Sheldon Parkinson (born August 3, 1990 in Montego Bay, Jamaica) is a Jamaican-American footballer who currently plays for New Amsterdam FC in the National Independent Soccer Association.

Parkinson signed for Phoenix FC in February 2013, making his first start on April 14 in the 3-1 loss to the Los Angeles Blues.  Although his debut appearance was tough, he quickly became a fan favorite because of his intense drive to always improve and his clear enjoyment of the game.

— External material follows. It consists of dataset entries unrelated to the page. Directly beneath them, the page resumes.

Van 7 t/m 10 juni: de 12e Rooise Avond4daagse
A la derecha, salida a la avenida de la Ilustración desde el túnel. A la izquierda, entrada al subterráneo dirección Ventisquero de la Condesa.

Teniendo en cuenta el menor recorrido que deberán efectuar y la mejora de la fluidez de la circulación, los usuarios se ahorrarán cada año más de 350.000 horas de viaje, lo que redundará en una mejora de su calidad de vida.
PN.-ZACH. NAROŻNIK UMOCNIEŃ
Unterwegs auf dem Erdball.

Parkinson played collegiately at Mercer County College and later at New Jersey City University in 2012. At NJCU, Parkinson earned Honorable Mention All-NJAC status in Fall 2012 despite missing a portion of the season due to injury. His most notable game as a Gothic Knight came in the ECAC Metro Quarterfinals on November 9, 2012 when he stopped four of seven Brooklyn College penalty kicks in a shootout to help NJCU advance to the semifinals after a 3-3 deadlock. In 13 games for NJCU he had a 2.34 GAA and 5-6-1 record, making 87 saves in 1153:35 minutes while facing 232 shots. He was studying Business Management with a concentration in sports management.

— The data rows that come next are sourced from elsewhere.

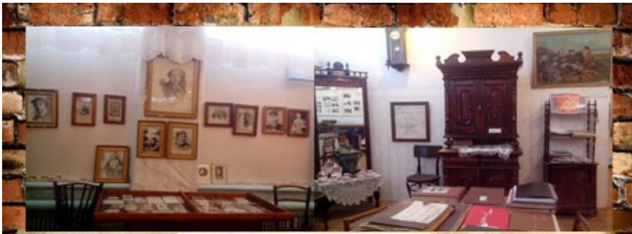
Зал истории села
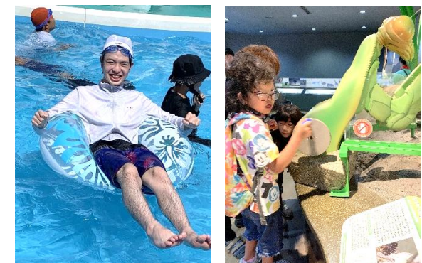
三郷のプールや昆虫館など、遠くまで遊びに行きました。
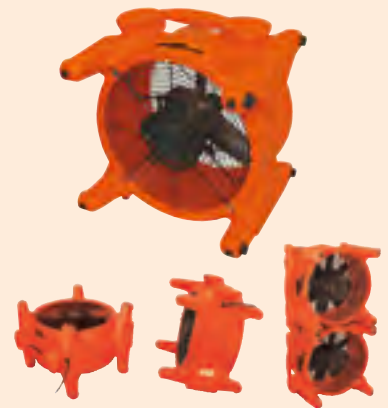
Fußboden Wand Powerlüfter

decken mit hohem Luftvolumen große Flächen ab und eignen sich insbesondere für die Trocknung von Wänden, Decken und Fußböden. Gestapelt können Sie ideal als Powerlüfter für größere Flächen eingesetzt werden.

Prior to NJCU, he played at Mercer County Community College. He was a 2008 NSCAA/adidas Men’s Junior College Division I Second-Team All-America pick. After not playing in 2009 and 2010, he returned to the pitch in 2011 and was an NJCAA All-Region 19 Division I First-Team selection and the No. 5 ranked player in Region 19. He also was named First-Team All-Region 19 and First-Team Division I All-Garden State Athletic Conference in 2008 and 2011. In 2010, he was named to the Super-20 All-Tournament Second Team as part of the Red Bull New York U-23 team that won the championship. He allowed four goals in five games for that club.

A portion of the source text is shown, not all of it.